*** Supplied information ***

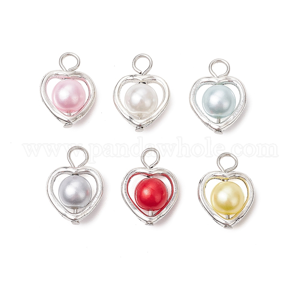 Подвески в виде акрилового жемчуга в форме сердца с соединительным элементом из сплава, античное серебро
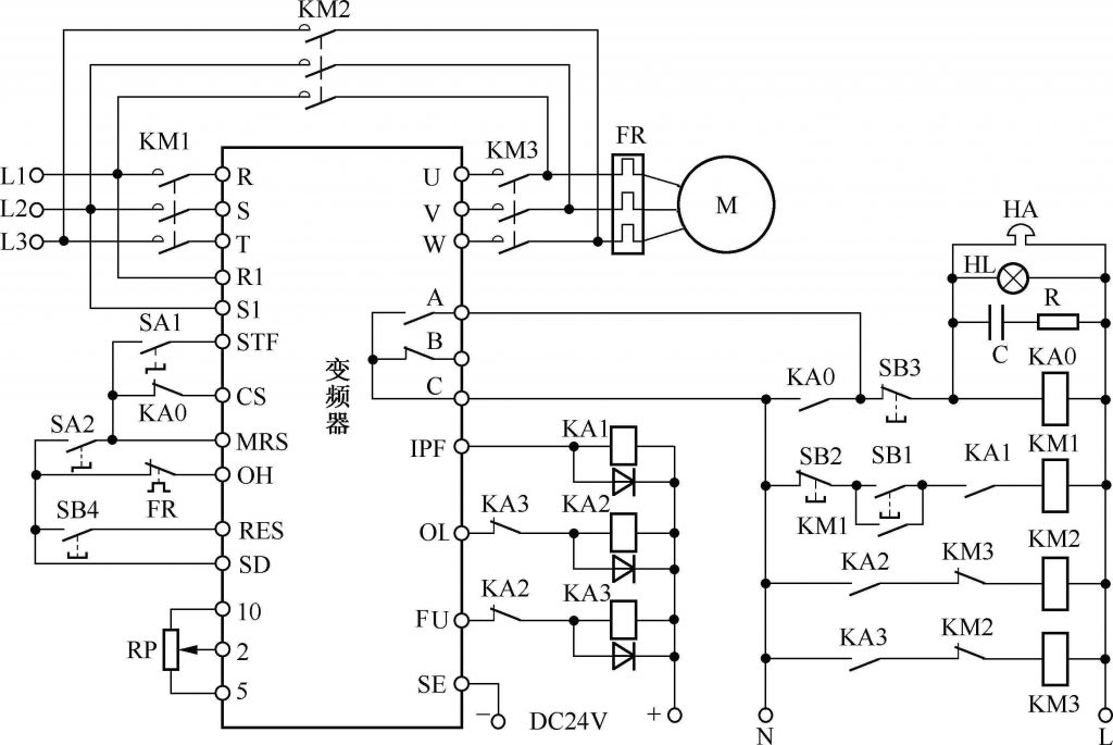 維修變頻器首先要能夠看懂并繪制變頻器電路圖,要想看懂變頻器電氣原理圖,首先要搞清楚其中的電氣原理及其符號(hào)所表示的含義。
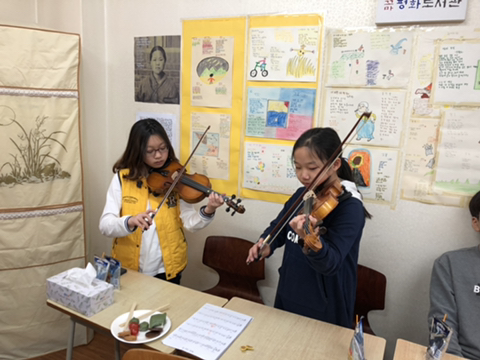 놀이마당답게 평화할머니로 나와 웃음을 준 조은이는 리코도 연주로 듣는 또 마음을 사로잡았다. 초등학교 6학년 오시영과 박세진이 바이올린 솜씨를 뽐냈다. 이어 중학교 1학년 우지민은 오카리나를 이승원은 리코더 연주를 해서 분위기를 띄웠다.
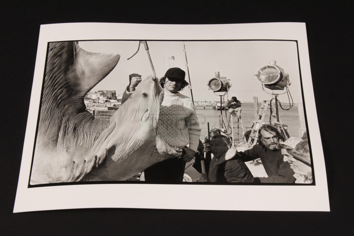 An original still from the production of Jaws, the 1975 thriller starring Roy Scheider, Robert Shaw and Richard Dreyfuss under the direction of Steven Spielberg.

*** End of Supplied information ***

Using the material above, reproduce only the lines that run from the line with "維修變頻器首先要能夠看懂并繪" up to and including the line with "놀이마당답게 평화할머니로 나와", exactly, with the pictures dropped.

[Task result]
 維修變頻器首先要能夠看懂并繪制變頻器電路圖,要想看懂變頻器電氣原理圖,首先要搞清楚其中的電氣原理及其符號(hào)所表示的含義。
 놀이마당답게 평화할머니로 나와 웃음을 준 조은이는 리코도 연주로 듣는 또 마음을 사로잡았다. 초등학교 6학년 오시영과 박세진이 바이올린 솜씨를 뽐냈다. 이어 중학교 1학년 우지민은 오카리나를 이승원은 리코더 연주를 해서 분위기를 띄웠다.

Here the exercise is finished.